Customer service for most governments today continues to be more about lip service and symbolism, than real service. All too often, what passes for customer service are slogans, posters and sporadic training programs that tend to be superficial, designed primarily for front-line personnel, lack context, focus on symptoms instead of root causes, emphasize process over outcomes, have a short half-life, and are not offered or repeated with sufficient regularity.
Customer Service.Gov is based on the premise that government needs to change and get better and that, in fact, at the federal, state and local levels, entrepreneurial governments are already changing and becoming more proficient by treating people like citizens, customers and partners. There are entrepreneurial local governments all across the country that have recognized the fundamental business premise that if you take care of your customers, then the revenues and the bottom line will take care of itself. They are treating their citizens like customers and are reconnecting and rebuilding trusting relationships with their community one customer and one citizen at a time. They are putting citizens first and successfully empowering them to help themselves using many of the ten principles of customer-centered public service that are advocated in this book.
Customer Service.Gov is a user’s guide for applying technology tools and the following ten principles of citizen and customer-centered public service to help governments develop and deliver better products and services: listening to customers and acting on what is learned; establishing customer-centered service quality standards and performance measures; creating an employee empowering customer-centered culture; delivering silo busting and boundary spanning services; regulating with a customer-centered perspective; selecting and hiring employees with the “right stuff” for customer-centered public service; using information technology and e-government to empower customers and employees; using e-governance and civic engagement to deliver customer-centered public service; training and empowering employees for customer-centered “moments of truth”; and using service guarantees to build trust, increase reliability and improve customer satisfaction. The chapters on how to build a customer service culture, silo busting and boundary spanning, treating people that are being regulated like customers, guaranteeing the reliability of services, using communication, information-technology and predictive analytics to deliver better government services, and integrating social media and civic engagement to enhance e-governance activities are unprecedented in their originality and uniqueness as applied to government and are not available in any other publication.

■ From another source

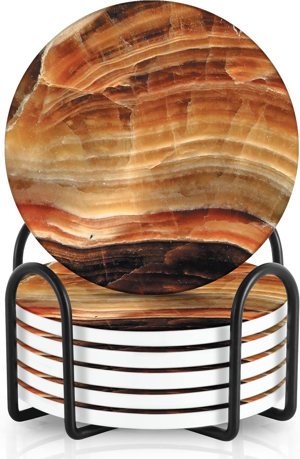 - ✅ ABSORBENT – Our moisture absorbing coasters are great for wine, tea, are stain resistant and scratch proof. Complement your coffee table with our iron stand and modern coasters that are thick enough to absorb water, liquid, moisture, yet thin enough to blend in perfectly with your decor. The coaster set combines the great marble stone style design with fast liquid absorbency for drinks.

Every chapter in this book offers documented examples of the best practices and successful examples of governments that have been able to effectively improve their productivity and effectiveness and deliver better customer service. By utilizing the ten principles of customer-centered public service, local governments can transform the way they develop and deliver goods and services, reconnect with the people in their communities, and recreate the idealized relationship of governance that is, “of the people, by the people, and for the people.” It is government operating in a dimension where people are trusted, empowered and treated as customers, citizens and partners as they receive the essential services that they really need and value and are willing to pay for. In television land this would be referred to as a dimension of imagination where there is a signpost up ahead. Your next stop would be an episode of the Twilight Zone about a future and a place where the employees are from the government and they are not the punch line of a Ronald Reagan joke; they really are there to help.